I checked - the tarball contents are identical. Assuming its just a different gzip compression option on it. I still have the old tarball on my local mirror so I'm not going to fix this just yet.
Identical as in same filenames? Or did you check the md5sums one by one? 100KB more seems a little odd to me. It reminds me of the time some server or another was compromised and backdoor code was injected into the xchat source.
The problem is that graphviz doesn't increase their verion number for subversions. They have a release tag on their rpm source, but even this is outdated -1. On the mailinglists you can read that they're talking about 1.12 (v7) and 1.12 (v11), but I couldn't find any hint inside the source code, except that its 800K bigger now and using a newer automake/conf/lisp and so on.

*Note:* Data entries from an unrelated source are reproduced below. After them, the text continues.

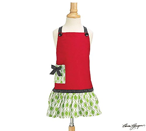 Christmas Holiday Childs Red Festive Apron with Black Ribbon Ties and White Polka Dots
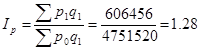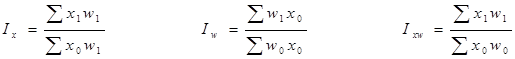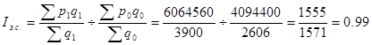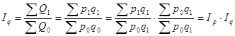 Зведені індекси показують результат спільної дії чинників якісного (ціна) і кількісного (кількість продажу продукції). Показує зміни обсягу виробництва продукції у звітному періоді порівняно з базовим.
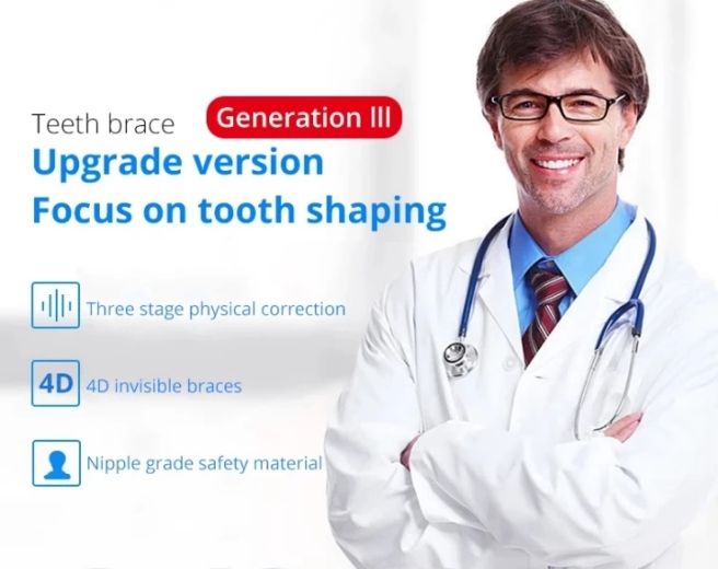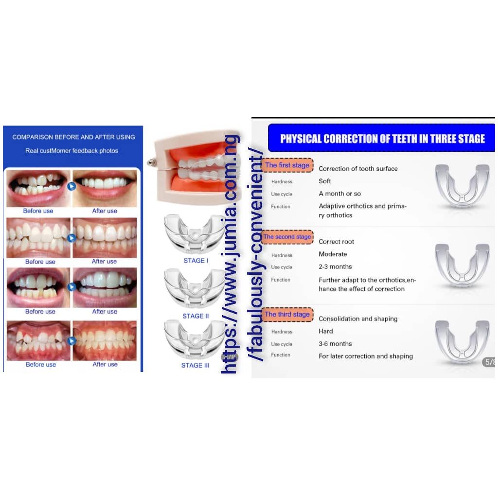 Have you always be unhappy with your teeth and wished you had perfect teeth and smiles but the high cost of fixing braces has made the dream of having a perfect smile almost impossible. Worry no more, because this 4D silicon braces will give you same result of a professional installation at almost no cost when compared to the million of naira required to get one done by a dentist.Its easy to install and result is very invisible after using fir the stipulated time. Material is FDA safe and can be used by both children and adult.
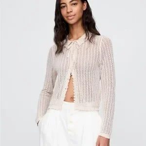 Gap x Doen Pointelle Long Sleeve Cardigan Top Cream NWT!
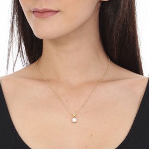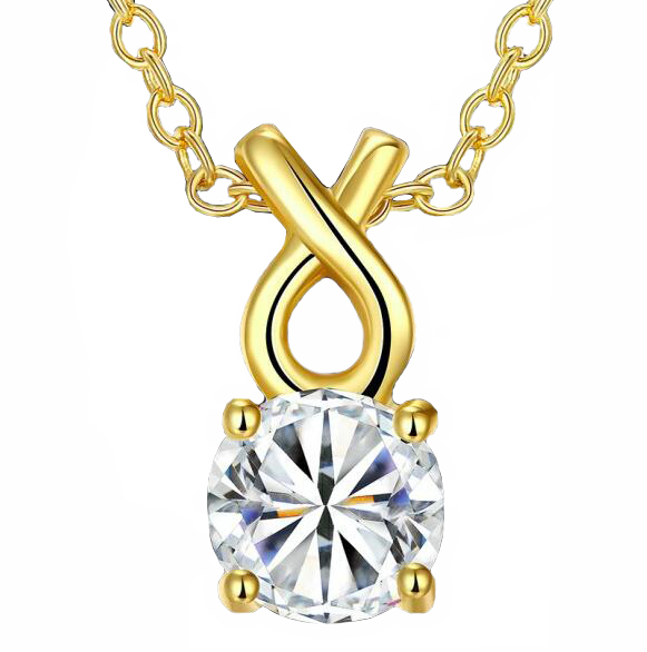 Dije con cadena en baño de oro amarillo de 18 quilates, fino diseño con cristal blanco corte brillante. Fabricado en una estructura de aleación de platino con rodio sin níquel.
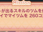 合計数のミッションなので、使いやすいツムで攻略していきましょう。5-19:ハートが出るスキルのツムを使って1プレイでマイツムを260個消そう
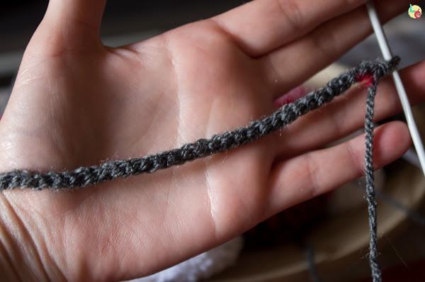 Ahora empezamos a pasar los pompones por la tira de esta manera; clavamos el ganchillo en el pompón, lo pasamos por la primera cadeneta de la tira y sacamos el ganchillo del pompón con la tira cogida.

There are also newer versions up to 1.17 but some input/output is incompatible with 1.12, so be careful. I think it would be best to update the gentoo mirrors once and comment out the original SRC_URI with a remark to subversions. Instead use the gentoo mirrors release.

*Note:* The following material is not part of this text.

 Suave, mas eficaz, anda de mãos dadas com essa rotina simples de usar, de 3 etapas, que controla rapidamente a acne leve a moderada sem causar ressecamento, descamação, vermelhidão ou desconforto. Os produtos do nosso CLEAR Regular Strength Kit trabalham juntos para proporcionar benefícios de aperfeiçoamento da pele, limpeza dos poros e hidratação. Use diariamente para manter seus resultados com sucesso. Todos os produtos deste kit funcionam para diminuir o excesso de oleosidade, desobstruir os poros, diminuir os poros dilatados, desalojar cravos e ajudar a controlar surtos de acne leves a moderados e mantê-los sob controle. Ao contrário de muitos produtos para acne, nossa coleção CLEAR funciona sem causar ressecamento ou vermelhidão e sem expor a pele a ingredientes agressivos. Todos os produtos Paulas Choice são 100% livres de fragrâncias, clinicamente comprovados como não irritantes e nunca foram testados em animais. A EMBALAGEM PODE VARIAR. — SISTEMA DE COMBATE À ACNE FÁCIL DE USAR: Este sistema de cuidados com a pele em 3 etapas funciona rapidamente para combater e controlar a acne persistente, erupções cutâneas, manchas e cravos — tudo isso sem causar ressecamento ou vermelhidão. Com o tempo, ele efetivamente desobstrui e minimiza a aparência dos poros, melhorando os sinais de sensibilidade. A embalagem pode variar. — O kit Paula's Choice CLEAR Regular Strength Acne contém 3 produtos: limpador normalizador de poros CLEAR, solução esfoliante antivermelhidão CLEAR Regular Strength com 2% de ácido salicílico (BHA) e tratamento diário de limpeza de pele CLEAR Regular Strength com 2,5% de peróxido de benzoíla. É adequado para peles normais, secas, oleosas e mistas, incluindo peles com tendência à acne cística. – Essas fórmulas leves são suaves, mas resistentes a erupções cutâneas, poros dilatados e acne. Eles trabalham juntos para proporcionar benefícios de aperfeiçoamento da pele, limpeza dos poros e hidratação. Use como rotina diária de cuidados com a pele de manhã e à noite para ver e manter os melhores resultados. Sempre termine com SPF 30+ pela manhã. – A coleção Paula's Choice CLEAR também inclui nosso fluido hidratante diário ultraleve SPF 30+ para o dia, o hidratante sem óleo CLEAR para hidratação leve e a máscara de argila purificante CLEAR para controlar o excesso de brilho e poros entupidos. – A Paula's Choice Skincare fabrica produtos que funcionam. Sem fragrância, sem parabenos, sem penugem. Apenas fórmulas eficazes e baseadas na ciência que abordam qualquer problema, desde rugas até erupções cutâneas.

So does that mean that the configure.ac patch that the 1.12 ebuild uses isn't needed anymore?
(Sorry 100k not 800k) About the ebuild with the newer original archive: More precisely it doesn't work anymore using the configure patch. Also remove rm, aclocal, autoconf and automake lines. The build fix is still ok. Note that you'll have to delete the digest file, otherwise the download will resume on a mirror site, since the newer original archive is a little bit smaller. It compiles, installs and works well, at least on x86 with TCLTK installed. But I guess, now we have the same problem as before for machines not having tcl/tk as there is no explicit configure option for that.
Not a security problem. Reassigning to package maintainers...
Alright, someone really needs to convince them to use micro version numbers in their tarballs. This is causing an annoying amount of trouble. After dancing through the digest and mirror stuff, and editing the ebuild by hand, I *think* I've got it working. (It's still compiling.) Pain in the ass though.
Just did a emerge -f =graphviz-1.12 and got no complaints. Please reopen if this is still an issue.